→ **Work instruction**: Under this line is a listing; return exactly the lines starting at the one with "The Champion Classic" and running down to the one with "Introducing the Ecru", and leave out its pictures.

→ **Records supplied**:
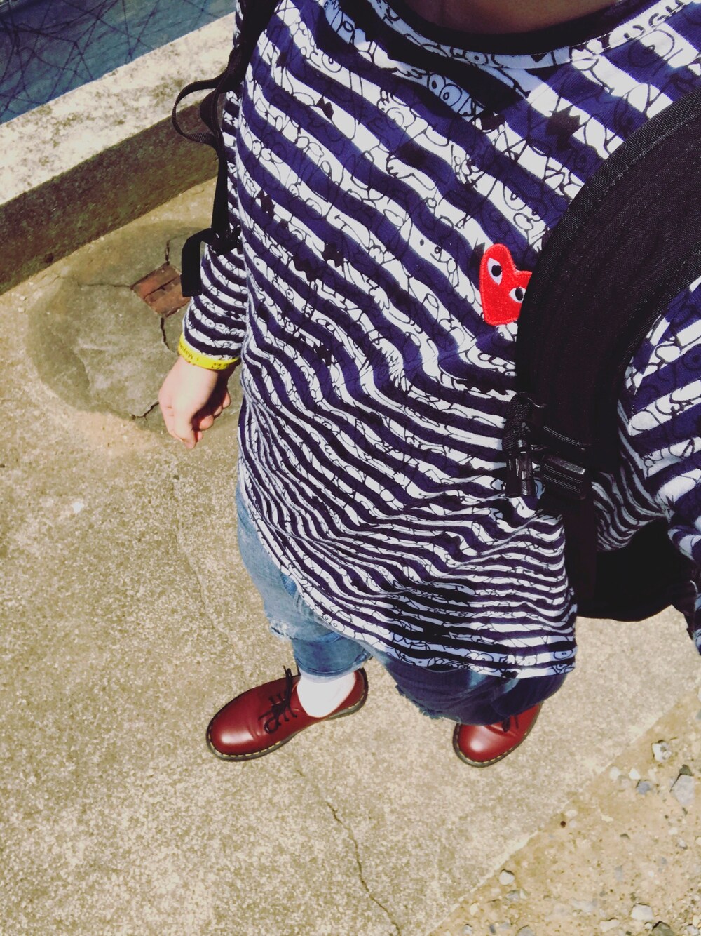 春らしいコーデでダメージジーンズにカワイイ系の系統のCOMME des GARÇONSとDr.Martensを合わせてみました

...

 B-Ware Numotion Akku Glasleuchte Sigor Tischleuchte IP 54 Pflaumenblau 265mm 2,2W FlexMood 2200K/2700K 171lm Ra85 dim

==

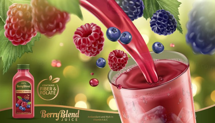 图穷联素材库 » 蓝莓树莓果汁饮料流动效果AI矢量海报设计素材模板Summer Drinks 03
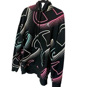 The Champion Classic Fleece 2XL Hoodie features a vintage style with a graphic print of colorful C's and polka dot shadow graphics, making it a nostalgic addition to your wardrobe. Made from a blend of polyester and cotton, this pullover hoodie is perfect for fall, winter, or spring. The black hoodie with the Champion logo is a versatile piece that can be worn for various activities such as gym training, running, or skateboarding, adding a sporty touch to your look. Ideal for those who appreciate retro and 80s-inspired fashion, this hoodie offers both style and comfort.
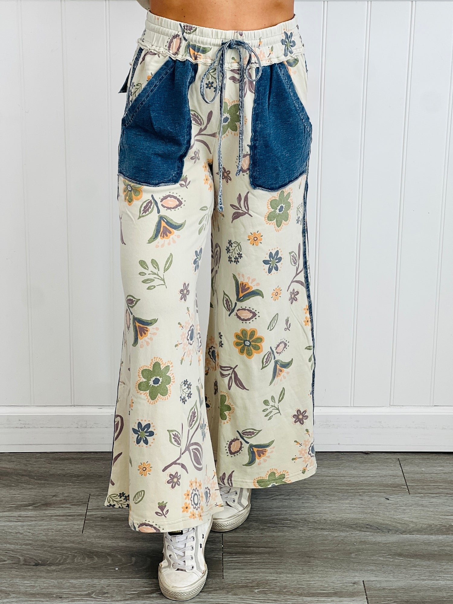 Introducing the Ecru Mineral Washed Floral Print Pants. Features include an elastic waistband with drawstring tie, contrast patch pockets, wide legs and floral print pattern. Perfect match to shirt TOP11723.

→ **Exercise output**:
 The Champion Classic Fleece 2XL Hoodie features a vintage style with a graphic print of colorful C's and polka dot shadow graphics, making it a nostalgic addition to your wardrobe. Made from a blend of polyester and cotton, this pullover hoodie is perfect for fall, winter, or spring. The black hoodie with the Champion logo is a versatile piece that can be worn for various activities such as gym training, running, or skateboarding, adding a sporty touch to your look. Ideal for those who appreciate retro and 80s-inspired fashion, this hoodie offers both style and comfort.
 Introducing the Ecru Mineral Washed Floral Print Pants. Features include an elastic waistband with drawstring tie, contrast patch pockets, wide legs and floral print pattern. Perfect match to shirt TOP11723.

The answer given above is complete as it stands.